==== DATA SEGMENT ====

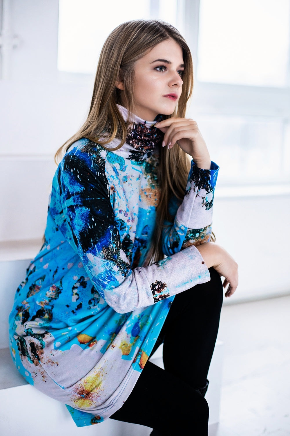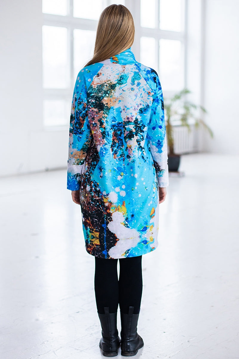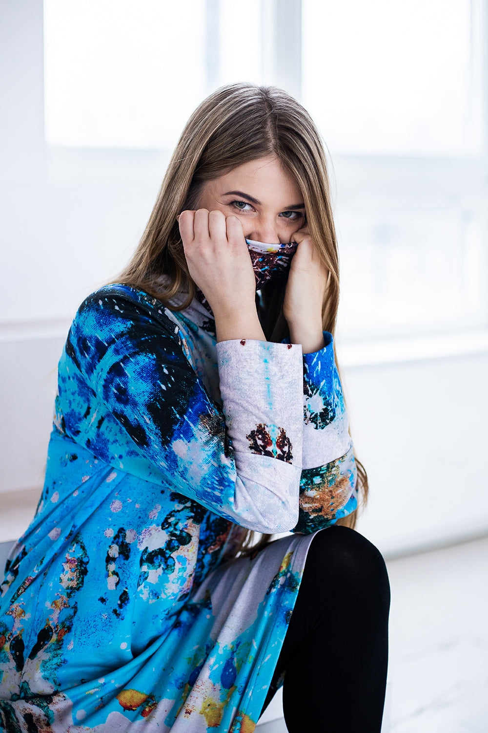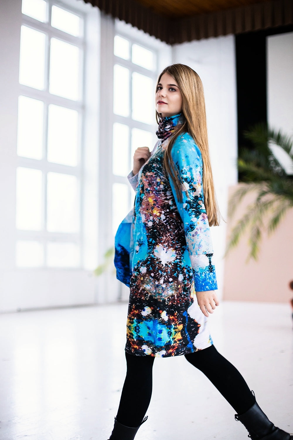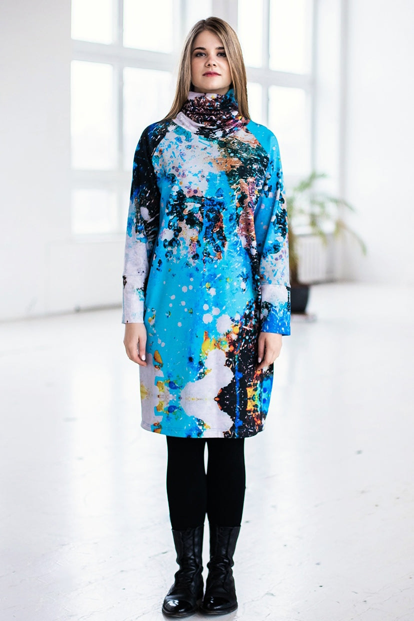 Kokvilnas džemperkleita ar augstu apkaklīti, ko vajadzības gadījumā var nēsāt virs mutes un deguna. Mūsu zili pelēks apdrukas dizains.
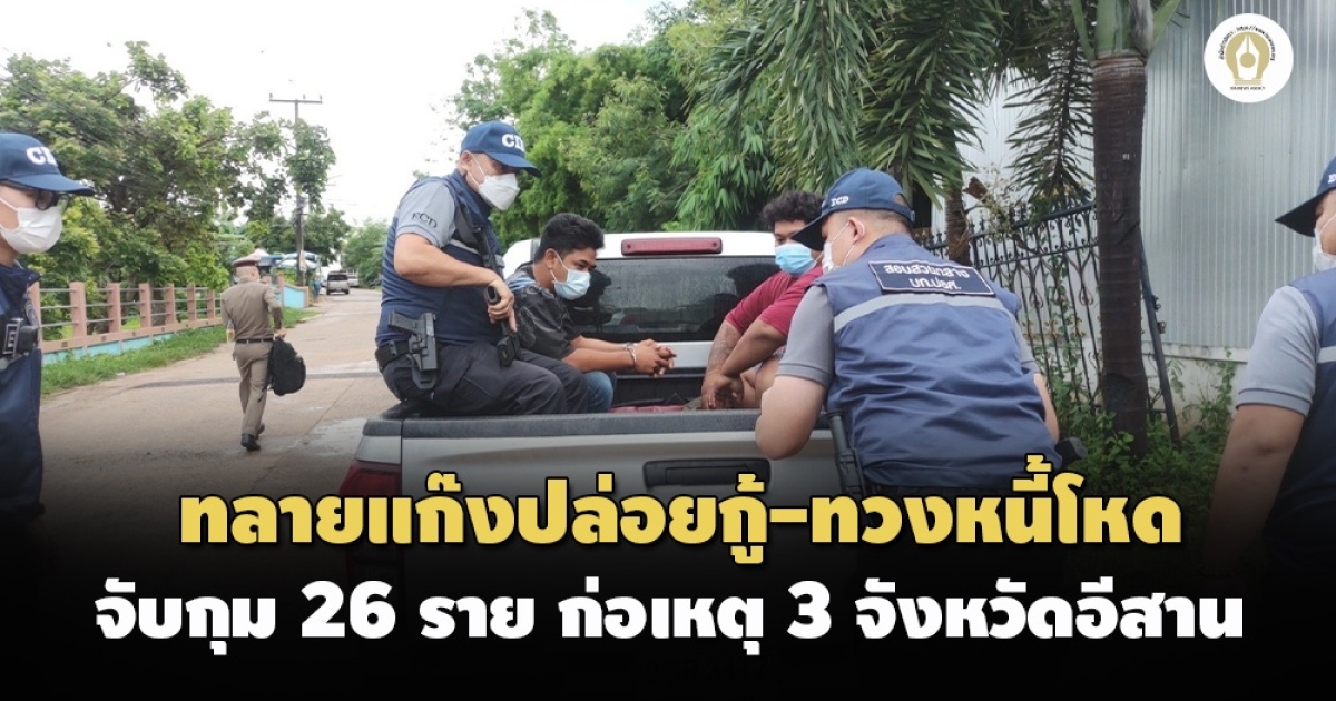 ตำรวจทลายแก๊งปล่อยกู้-ทวงหนี้โหดภาคอีสาน จับกุมได้ 26 ราย ของกลาง 1,796 ชิ้น พบทำผิดในพื้นที่ จ.มหาสารคาม-กาฬสินธุ์-ร้อยเอ็ด พบผู้ร่วมกระทำความีประวัติอาชญากรรม-ยาเสพติด เปิดปล่อยกู้คิดดอก 0.83% ต่อเดือน
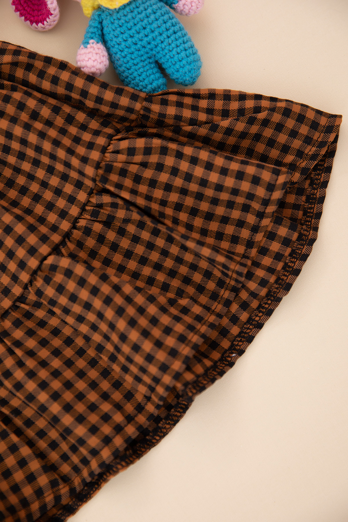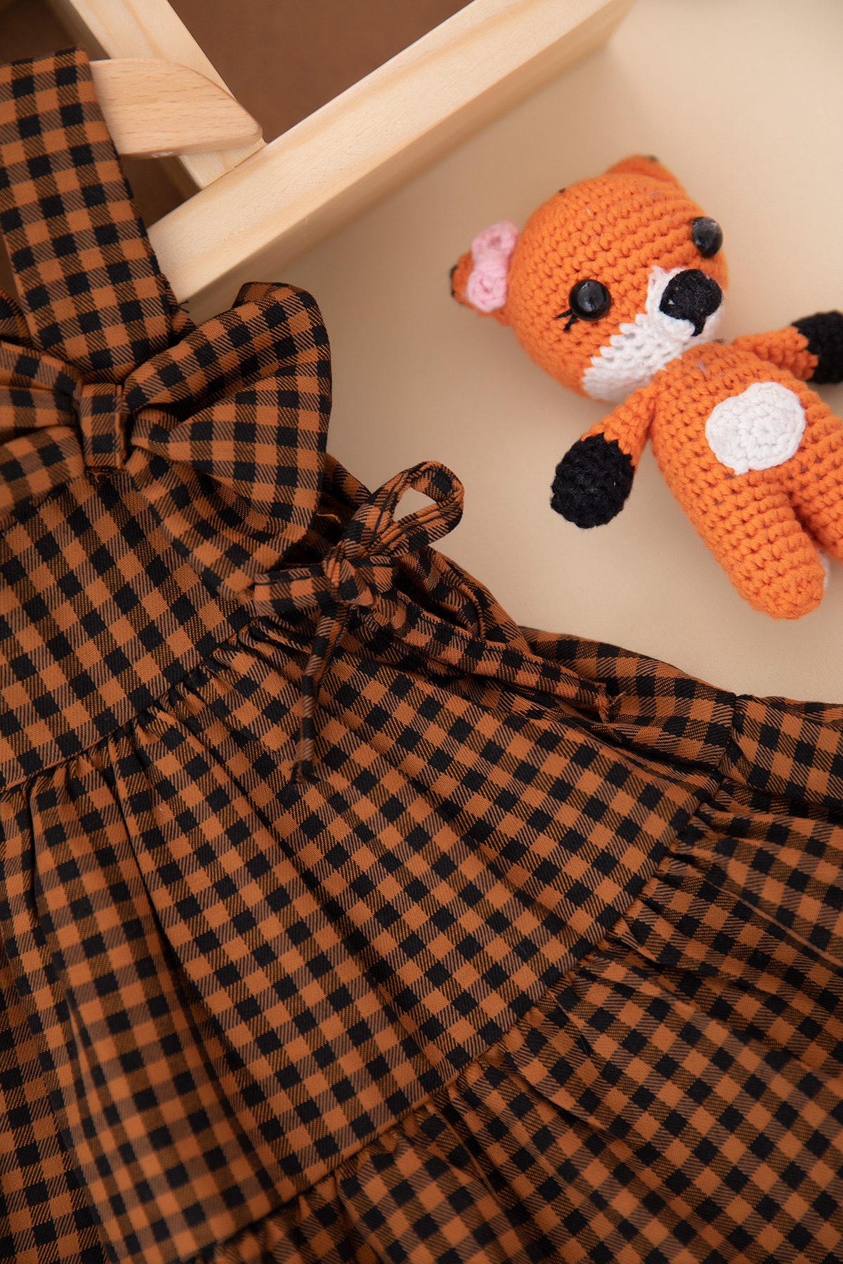 Kız Çocuk Viskon Ekose Baskılı Şapkalı Elbise - 8103 (2-6 Yaş)

====

Nothing but the text is wanted: repeat the data above exactly, without its images.

 Kokvilnas džemperkleita ar augstu apkaklīti, ko vajadzības gadījumā var nēsāt virs mutes un deguna. Mūsu zili pelēks apdrukas dizains.
 ตำรวจทลายแก๊งปล่อยกู้-ทวงหนี้โหดภาคอีสาน จับกุมได้ 26 ราย ของกลาง 1,796 ชิ้น พบทำผิดในพื้นที่ จ.มหาสารคาม-กาฬสินธุ์-ร้อยเอ็ด พบผู้ร่วมกระทำความีประวัติอาชญากรรม-ยาเสพติด เปิดปล่อยกู้คิดดอก 0.83% ต่อเดือน
 Kız Çocuk Viskon Ekose Baskılı Şapkalı Elbise - 8103 (2-6 Yaş)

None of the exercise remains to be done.